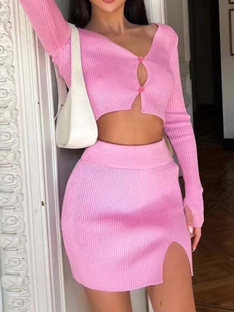 送料無料 Mozision 秋ニットドレスセット女性 2022 V ネックフルスリーブ Tシャツとミニスカートマッチングセット 2 点セット オータム 秋物 Vネック AE12128886615169667
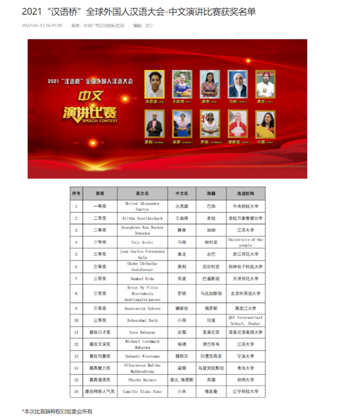 近日2021“汉语桥”全球外国人汉语大会-中文演讲比赛决赛落下帷幕,5G影院
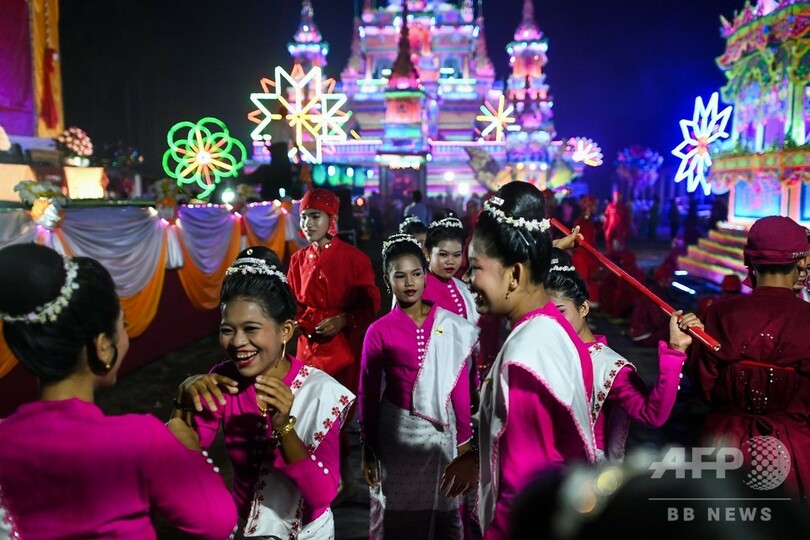 【4月5日 AFP】ミャンマー南部ムドン(Mudon)村で今週、地元で有名な僧侶の追悼式が盛大に営まれ、このために造られた彩りも鮮やかな宮殿に熱心な信者数千人が集まり、追悼の踊りや歌をささげた。

****************

Everything above except the pictures must be restated exactly.

**Result of the exercise:**
 送料無料 Mozision 秋ニットドレスセット女性 2022 V ネックフルスリーブ Tシャツとミニスカートマッチングセット 2 点セット オータム 秋物 Vネック AE12128886615169667
 近日2021“汉语桥”全球外国人汉语大会-中文演讲比赛决赛落下帷幕,5G影院
 【4月5日 AFP】ミャンマー南部ムドン(Mudon)村で今週、地元で有名な僧侶の追悼式が盛大に営まれ、このために造られた彩りも鮮やかな宮殿に熱心な信者数千人が集まり、追悼の踊りや歌をささげた。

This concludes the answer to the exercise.